Condom debate flares in Brazil before pope visit

Brasilia, Brazil - Brazilian officials and the country's Roman Catholic hierarchy are exchanging angry words over condom use and sex education just two months before the pope visits the world's largest Catholic nation.

Brazilian Cardinal Eugenio Sales, in an opinion piece in O Globo newspaper over the weekend, criticized government programs promoting condom use.

"I know the erotic climate," he wrote. "It is precisely because of this decadence (that we cannot) close our eyes and promote exactly what should be avoided."

The head of the anti-AIDS program, Mariangela Simao, hit back at the cardinal on Monday. "Policies to prevent AIDS are not 'sex promotion,'" she said in a statement.

"Abstinence and self-control are intimate personal matters and can in no way serve as a basis for public policy."

Brazil's government gives away tens of millions of free condoms each year as part of its AIDS prevention program, which has succeeded in keeping infection rates low in a country know for its liberal attitudes towards sex.

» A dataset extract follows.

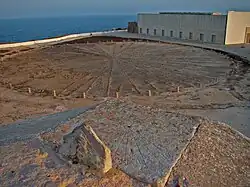 The 16th century bulwark-like fortress was severely damaged during the Great Earthquake of 1755. It was restored in the mid 20th century, but there is still a 16th-century turret present. After passing through the thick tunnel entrance, one sees a giant pebble compass rose (rosa dos ventos) of 43 m diameter. Normally compass roses are divided into 32 segments, but strangely this one has 40 segments (probably an error of the 20th-century restorers). It is unlikely to date back to the time of Henry the Navigator.
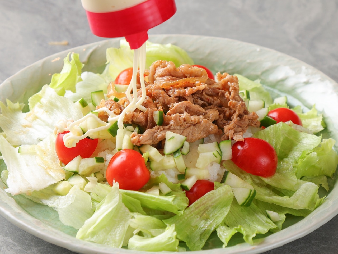 Warm rice topped with sweet and spicy stir-fried meat and your choice of vegetables, finished with mayonnaise.

The program encourages condom use, especially before and during Brazil's bacchanalian Carnival celebration.

Most of Brazil's 185 million people are Catholic, and the Church is against birth control and sex outside marriage.

The simmering tensions between Church and state reached a new level last week when President Luiz Inacio Lula da Silva himself accused the church of hypocrisy.

At a health ministry event in Rio de Janeiro, Lula said the government would give out condoms and teach people how to use them -- adding that "Sex is something everybody likes."

On Sunday, the head of the National Bishops Conference, Cardinal Geraldo Majella, said on the television program Fantastico, "We cannot agree with condoms because they turn life into a life without responsibility."

Pope Benedict XVI will make his first visit to Brazil in May and the issue is likely to figure strongly in his message.